Input / Output Mapping 📥

Map parent output names to child input names (and vice versa) when they differ:

parent.add_sub_pipeline(
    preprocess,
    inputs=["raw_data"],
    outputs=["clean_data"],
    input_mapping={"raw_data": "input_df"},       # parent name → child name
    output_mapping={"normalized": "clean_data"},   # child name → parent name
)

How Mapping Works

graph LR
    A["Parent: raw_data"] -- "input_mapping" --> B["Child: input_df"]
    B --> C["Child Pipeline<br/>clean → normalize"]
    C --> D["Child: normalized"]
    D -- "output_mapping" --> E["Parent: clean_data"]

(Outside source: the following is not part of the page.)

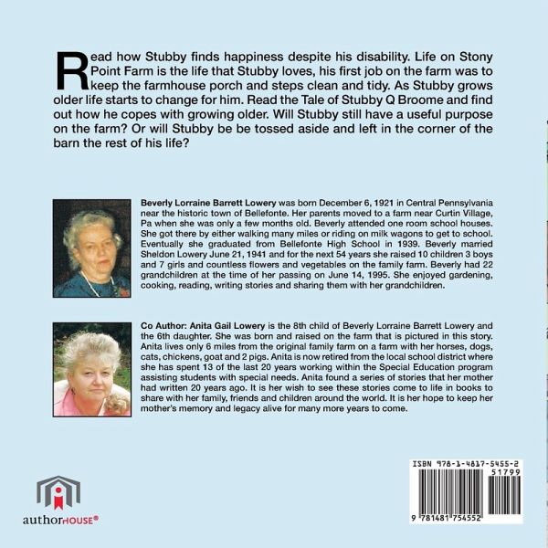 Read how Stubby finds happiness despite his disability. Life on Stony Point Farm is the life that Stubby loves, his first job on the farm was to keep the farmhouse porch and steps clean and tidy. As Stubby grows older life starts to change for him. Read the Tale of Stubby Q Broome and find out how he copes with growing older. Will Stubby still have a useful purpose on the farm? Or will Stubby be be tossed aside and left in the corner of the barn the rest of his life?

input_mapping: Translates parent output names into the child pipeline's expected input names
output_mapping: Translates child output names back into the parent's namespace
Unmapped keys are passed through as-is

Programmatic API 🛠️

Use SubPipelineStep directly for full control:

from flowyml.core.subpipeline import SubPipelineStep

sub_step = SubPipelineStep(
    sub_pipeline=preprocess,
    name="data_prep",
    inputs=["raw"],
    outputs=["clean"],
    input_mapping={"raw": "input_df"},
    output_mapping={"normalized": "clean"},
)
parent.add_step(sub_step)

Or use the convenience function:

from flowyml import sub_pipeline

parent.add_step(
    sub_pipeline(
        preprocess,
        inputs=["raw"],
        outputs=["clean"],
        output_mapping={"normalized": "clean"},
    )
)

Real-World Examples 🌍

Shared Preprocessing Across Projects

# preprocessing.py — reusable module
def create_preprocess_pipeline():
    pipe = Pipeline("preprocess")
    pipe.add_step(load_data)
    pipe.add_step(handle_missing)
    pipe.add_step(encode_categoricals)
    pipe.add_step(scale_features)
    return pipe

# training.py
preprocess = create_preprocess_pipeline()
training = Pipeline("training")
training.add_sub_pipeline(preprocess, inputs=["raw"], outputs=["features"])
training.add_step(train_model)
training.add_step(evaluate_model)

Multi-Stage ML Pipeline

# Compose three child pipelines into one parent
parent = Pipeline("end_to_end")

parent.add_sub_pipeline(
    data_pipeline,
    inputs=["raw_data"],
    outputs=["features"],
)
parent.add_sub_pipeline(
    training_pipeline,
    inputs=["features"],
    outputs=["model"],
)
parent.add_sub_pipeline(
    evaluation_pipeline,
    inputs=["model", "features"],
    outputs=["report"],
)
parent.run()

`SubPipelineStep` API Reference

Constructor Parameters

Parameter	Type	Default	Description
`sub_pipeline`	`Pipeline`	required	The child pipeline to wrap
`name`	`str \\| None`	`"sub:{pipeline.name}"`	Step name in parent
`inputs`	`list[str]`	`[]`	Input names from parent
`outputs`	`list[str]`	`[]`	Output names exposed to parent
`input_mapping`	`dict[str, str]`	`{}`	Parent → child name mapping
`output_mapping`	`dict[str, str]`	`{}`	Child → parent name mapping

Best Practices 💡

Design for reusability

Build child pipelines as standalone modules with their own tests. Import and compose them in parent pipelines.

Naming convention

Use descriptive names: parent.add_sub_pipeline(preprocess, name="feature_engineering") makes logs easier to read.

Context isolation

Child pipelines run with auto_start_ui=False. They share the parent's storage but have their own execution context.